## Task prompt
Retype each line below precisely and omit all images.

## Provided material
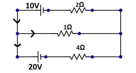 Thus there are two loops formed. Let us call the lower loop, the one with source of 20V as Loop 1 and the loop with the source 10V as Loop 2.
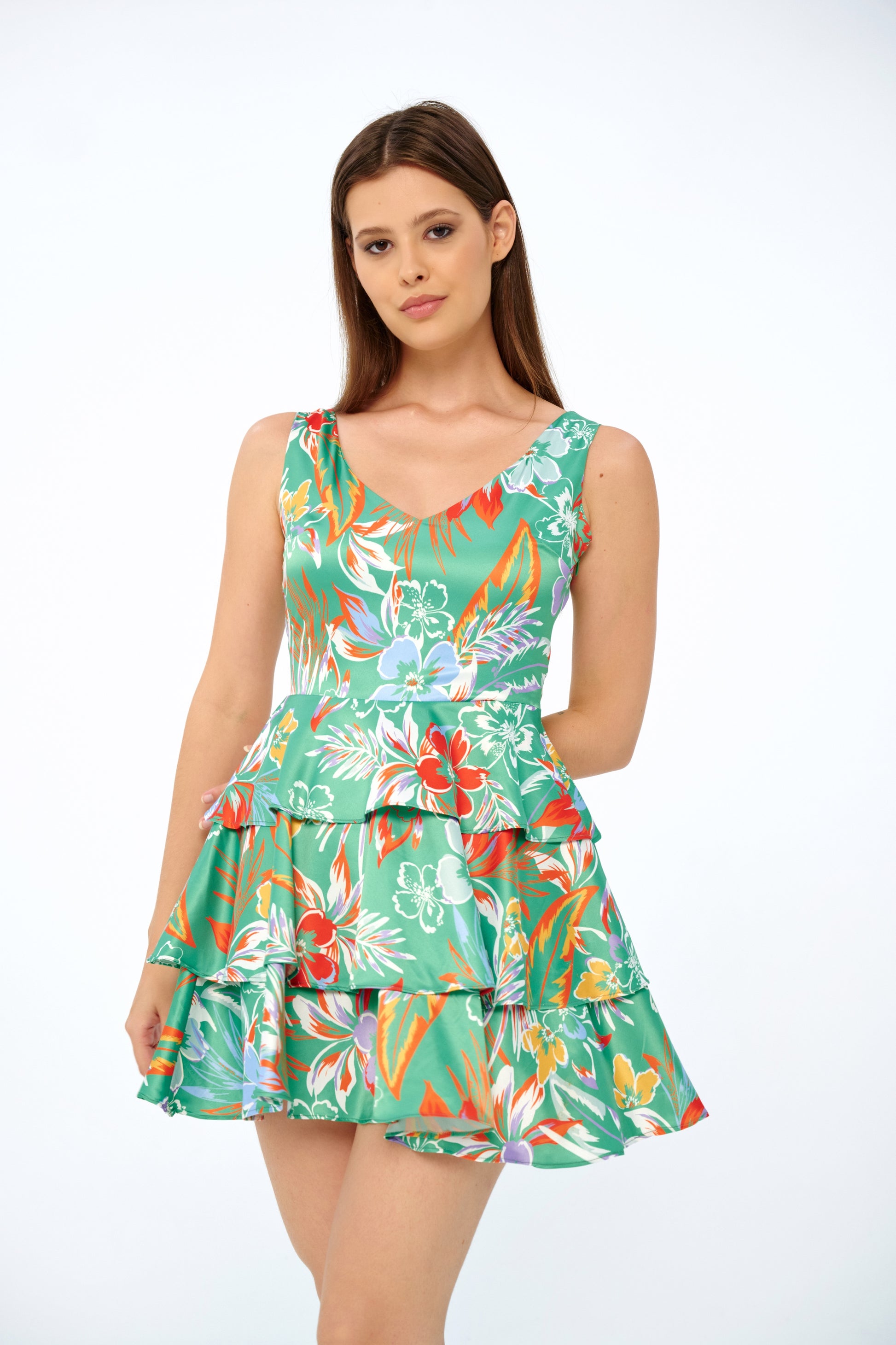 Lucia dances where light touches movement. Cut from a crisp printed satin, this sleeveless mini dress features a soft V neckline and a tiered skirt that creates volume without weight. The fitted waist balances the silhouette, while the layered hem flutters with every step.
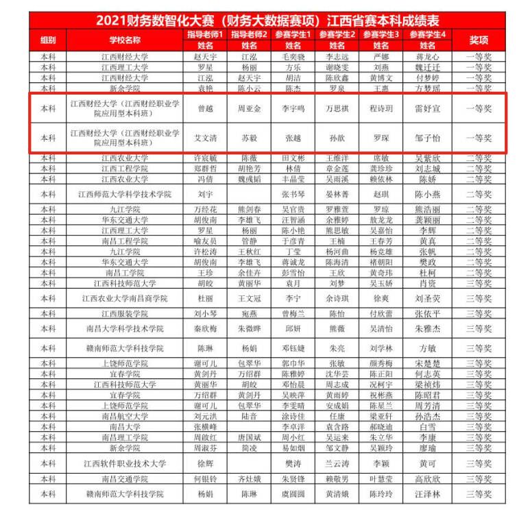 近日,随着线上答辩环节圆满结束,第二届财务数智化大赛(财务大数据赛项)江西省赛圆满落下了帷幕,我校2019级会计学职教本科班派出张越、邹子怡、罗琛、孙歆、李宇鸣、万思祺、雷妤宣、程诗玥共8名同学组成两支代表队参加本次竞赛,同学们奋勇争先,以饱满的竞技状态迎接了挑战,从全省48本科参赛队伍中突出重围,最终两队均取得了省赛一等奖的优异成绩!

## Result of the exercise
 Thus there are two loops formed. Let us call the lower loop, the one with source of 20V as Loop 1 and the loop with the source 10V as Loop 2.
 Lucia dances where light touches movement. Cut from a crisp printed satin, this sleeveless mini dress features a soft V neckline and a tiered skirt that creates volume without weight. The fitted waist balances the silhouette, while the layered hem flutters with every step.
 近日,随着线上答辩环节圆满结束,第二届财务数智化大赛(财务大数据赛项)江西省赛圆满落下了帷幕,我校2019级会计学职教本科班派出张越、邹子怡、罗琛、孙歆、李宇鸣、万思祺、雷妤宣、程诗玥共8名同学组成两支代表队参加本次竞赛,同学们奋勇争先,以饱满的竞技状态迎接了挑战,从全省48本科参赛队伍中突出重围,最终两队均取得了省赛一等奖的优异成绩!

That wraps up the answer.